American businessman (1904–1963)

Orrin Henry Ingram Sr. (June 26, 1904 – April 25, 1963) was an American heir and businessman.

==Early life==
Orrin Henry Ingram Sr. was born on June 26, 1904, in Eau Claire, Wisconsin. His father, Erskine B. Ingram, was a lumber heir. His mother was Harriet Coggshall. His parents were members of the Congregational Church.

His paternal grandfather three times removed, David Ingram, had immigrated from Leeds, England, in 1780. His paternal grandfather, Orrin Henry Ingram, was a lumber baron in Wisconsin. His great-uncle, Julius Ingram, was a member of the Wisconsin State Assembly.

==Career==
In 1928, Ingram ran a textile firm in Tennessee owned by his wife's family. He relocated it to Nashville, Tennessee. By 1937, at the time of the textile strike, he sold half his investment and acquired Wood River Oil and Refining, an oil company based in St. Louis, Missouri.
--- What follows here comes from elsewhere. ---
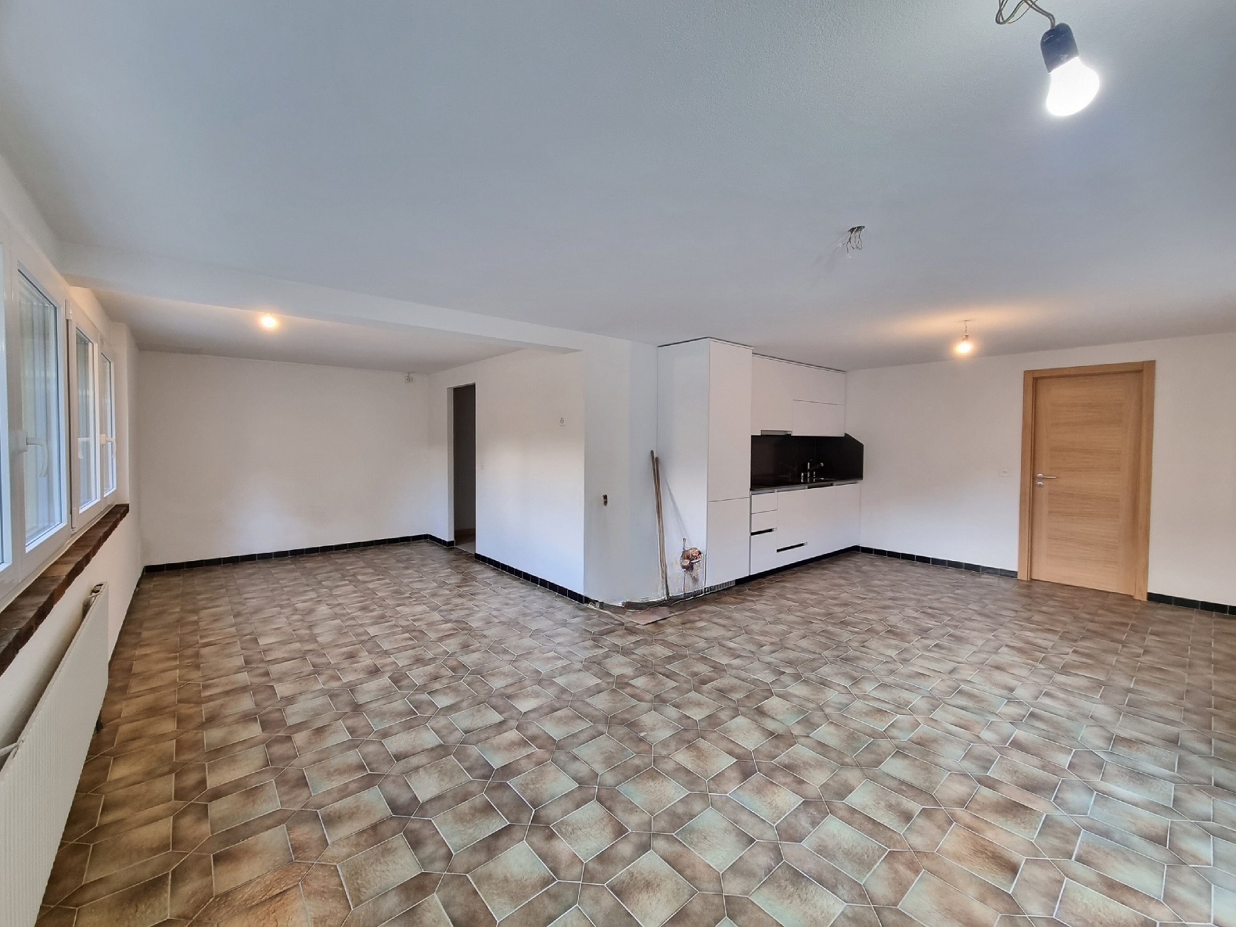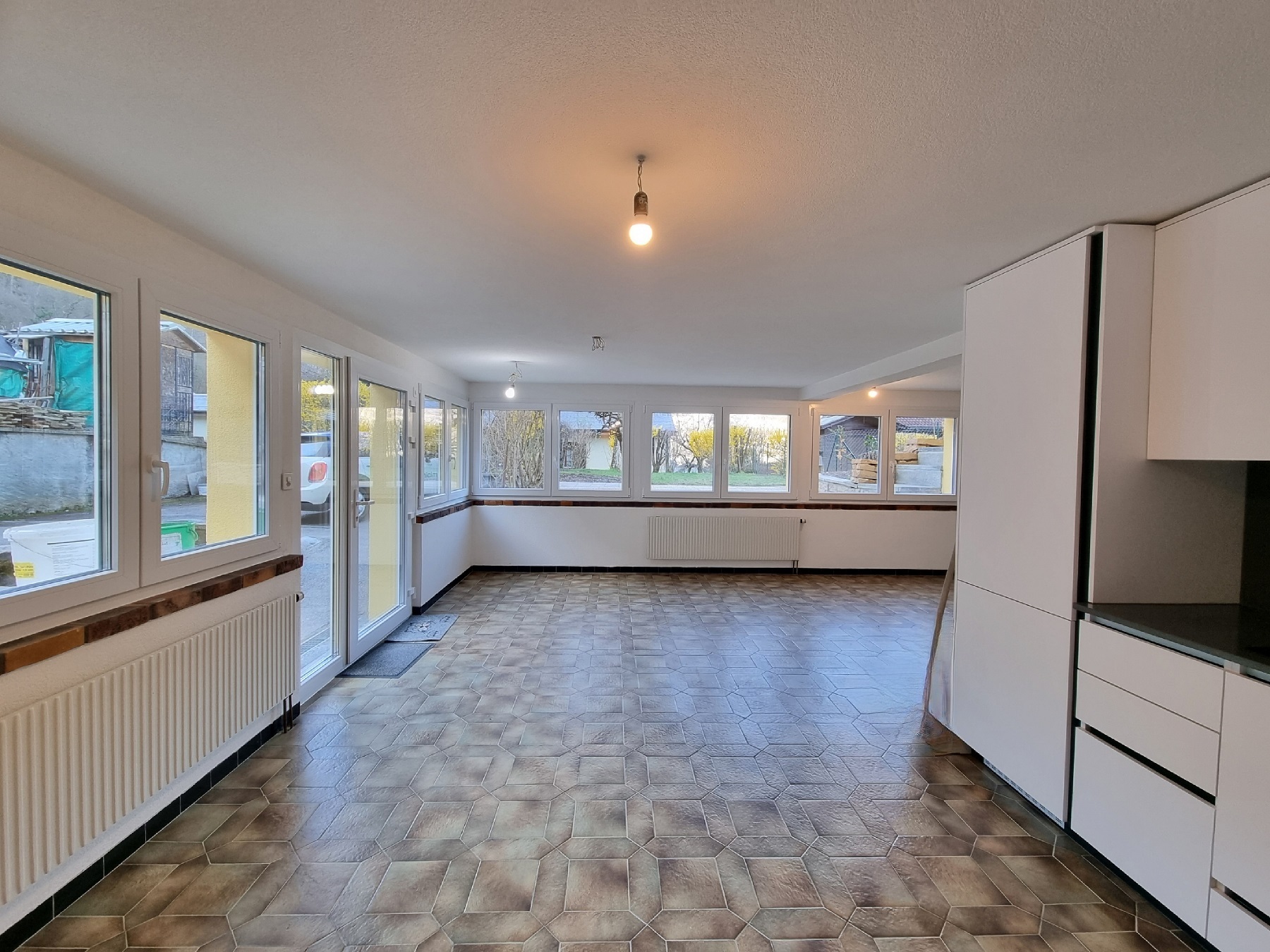 – Grande pièce très lumineuse avec nombreuses fenêtres sur l’extérieur – carrelage au sol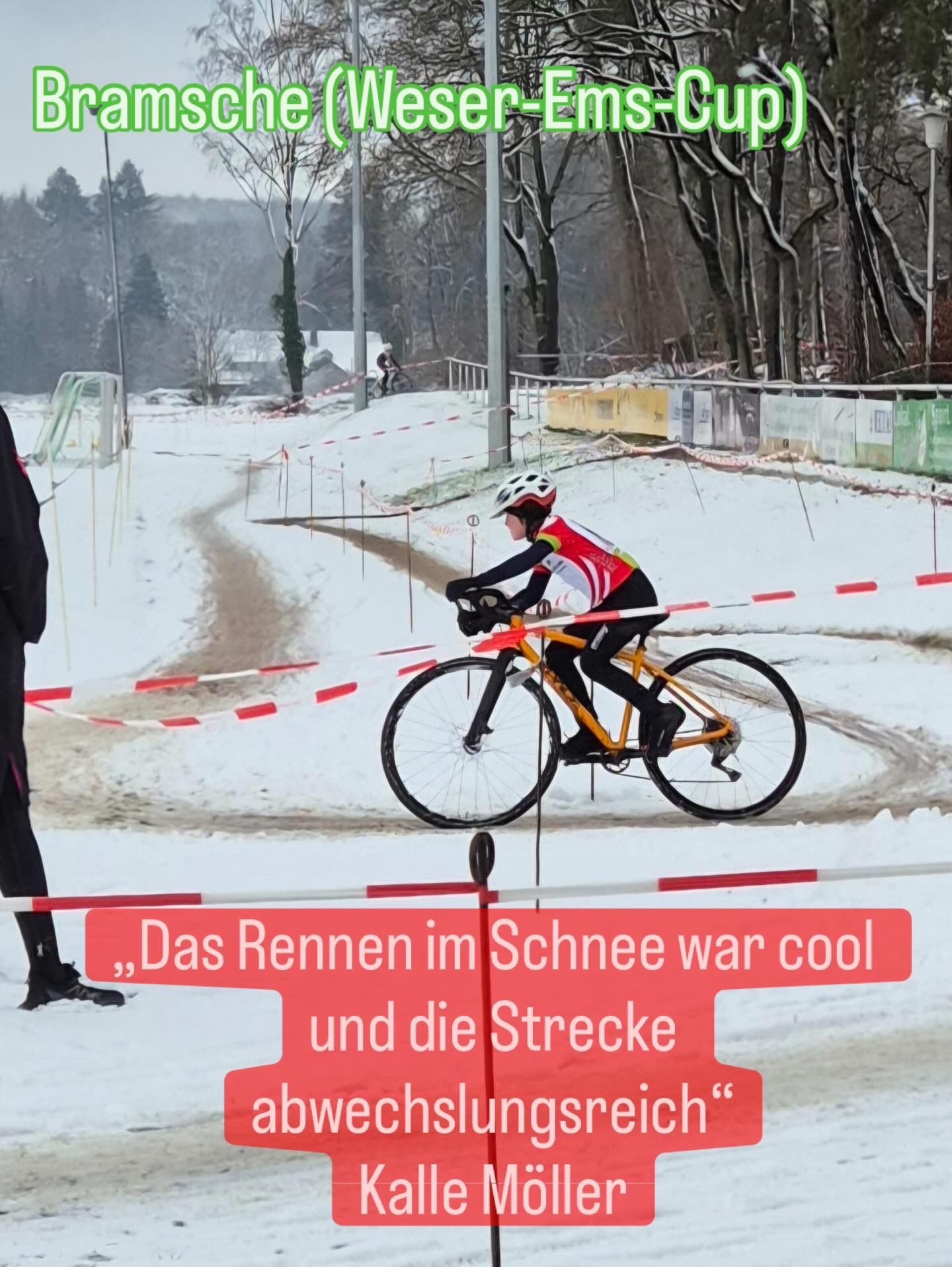 Das erste Rennen des Jahres 2026 in Bramsche fand unter völlig anderen Bedingungen statt. Schnee und gefrorene Böden auf einem weitläufigem Sportgelände mit einigen engen Passagen durch baumbewachsene Flächen.

He was the owner of Ingram Oil & Refining, a chain of 240 gas stations headquartered in Meraux, Louisiana, just outside New Orleans. In 1961, he sold the company to Murphy Oil.

==Philanthropy==
Ingram served as the Vice President of the Board of Trust of Vanderbilt University in Nashville from 1952 to 1963.

==Personal life==
Ingram married Hortense Bigelow, the daughter of the president of the St. Paul Fire and Marine Insurance Co. (later known as The Travelers Companies). They resided in White Bear Lake, Minnesota, Hobe Sound, Florida, and Nashville, Tennessee. They had two sons, E. Bronson Ingram II and Frederic B. Ingram, and a daughter, Alice, who married Henry William Hooker.

==Death and legacy==
He died of a heart attack on April 25, 1963, in Nashville, Tennessee. He was buried at Mount Olivet Cemetery in Nashville.

The Hank Ingram House on the campus of Vanderbilt University was named in his honor in 2006.